Accurate prediction of patient survival rates in cancer treatment is essential for effective therapeutic planning. Unfortunately, current models often underutilize the extensive multimodal data available, affecting confidence in predictions. This study presents MMSurv, an interpretable multimodal deep learning model to predict survival in different types of cancer. MMSurv integrates clinical information, sequencing data, and hematoxylin and eosin-stained whole-slide images (WSIs) to forecast patient survival. Specifically, we segment tumor regions from WSIs into image tiles and employ neural networks to encode each tile into one-dimensional feature vectors. We then optimize clinical features by applying word embedding techniques, inspired by natural language processing, to the clinical data. To better utilize the complementarity of multimodal data, this study proposes a novel fusion method, multimodal fusion method based on compact bilinear pooling and transformer, which integrates bilinear pooling with Transformer architecture. The fused features are then processed through a dual-layer multi-instance learning model to remove prognosis-irrelevant image patches and predict each patient's survival risk. Furthermore, we employ cell segmentation to investigate the cellular composition within the tiles that received high attention from the model, thereby enhancing its interpretive capacity. We evaluate our approach on six cancer types from The Cancer Genome Atlas. The results demonstrate that utilizing multimodal data leads to higher predictive accuracy compared to using single-modal image data, with an average C-index increase from 0.6750 to 0.7283. Additionally, we compare our proposed baseline model with state-of-the-art methods using the C-index and five-fold cross-validation approach, revealing a significant average improvement of nearly 10% in our model's performance.

查看原文本刊更多论文

MMsurv：一个整合病理图像、临床信息和测序数据的多模式、多实例、多癌症生存预测模型。
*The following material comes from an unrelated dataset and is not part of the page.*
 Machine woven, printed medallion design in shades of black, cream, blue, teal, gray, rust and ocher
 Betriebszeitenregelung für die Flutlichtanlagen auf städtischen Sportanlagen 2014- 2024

癌症治疗中患者生存率的准确预测对于有效的治疗计划至关重要。不幸的是，目前的模型往往没有充分利用现有的大量多模态数据，影响了预测的可信度。本研究提出MMSurv，一个可解释的多模态深度学习模型，用于预测不同类型癌症的生存。MMSurv整合了临床信息、测序数据、苏木精和伊红染色的全片图像（WSIs）来预测患者的生存。具体而言，我们将肿瘤区域从wsi中分割成图像块，并使用神经网络将每个块编码为一维特征向量。然后，我们通过将受自然语言处理启发的词嵌入技术应用于临床数据来优化临床特征。为了更好地利用多模态数据的互补性，本研究提出了一种新的融合方法——基于紧凑双线性池和变压器的多模态融合方法，该方法将双线性池与transformer架构相结合。然后通过双层多实例学习模型对融合的特征进行处理，去除与预后无关的图像补丁，并预测每个患者的生存风险。此外，我们使用细胞分割来研究受到模型高度关注的瓷砖内的细胞组成，从而增强其解释能力。我们对来自癌症基因组图谱的六种癌症类型进行了评估。结果表明，与使用单模态图像数据相比，使用多模态数据的预测精度更高，平均c指数从0.6750提高到0.7283。此外，我们使用c指数和五倍交叉验证方法将我们提出的基线模型与最先进的方法进行了比较，结果显示我们的模型性能平均提高了近10%。
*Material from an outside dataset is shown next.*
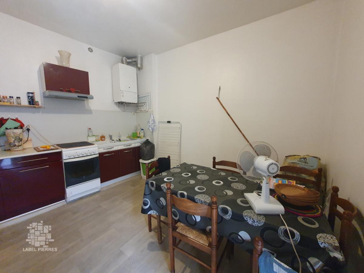 • Pièce à vivre 35m² avec espace cuisine (avec cuisinière, frigo top, lave-linge)- accès à une cour de 12m²

本文章由计算机程序翻译，如有差异，请以英文原文为准。

求助全文

约1分钟内获得全文求助全文

来源期刊

Briefings in bioinformatics 生物-生化研究方法

CiteScore

13.20

自引率

13.70%

发文量

549

审稿时长

6 months

期刊介绍： Briefings in Bioinformatics is an international journal serving as a platform for researchers and educators in the life sciences. It also appeals to mathematicians, statisticians, and computer scientists applying their expertise to biological challenges. The journal focuses on reviews tailored for users of databases and analytical tools in contemporary genetics, molecular and systems biology. It stands out by offering practical assistance and guidance to non-specialists in computerized methodologies. Covering a wide range from introductory concepts to specific protocols and analyses, the papers address bacterial, plant, fungal, animal, and human data. The journal's detailed subject areas include genetic studies of phenotypes and genotypes, mapping, DNA sequencing, expression profiling, gene expression studies, microarrays, alignment methods, protein profiles and HMMs, lipids, metabolic and signaling pathways, structure determination and function prediction, phylogenetic studies, and education and training.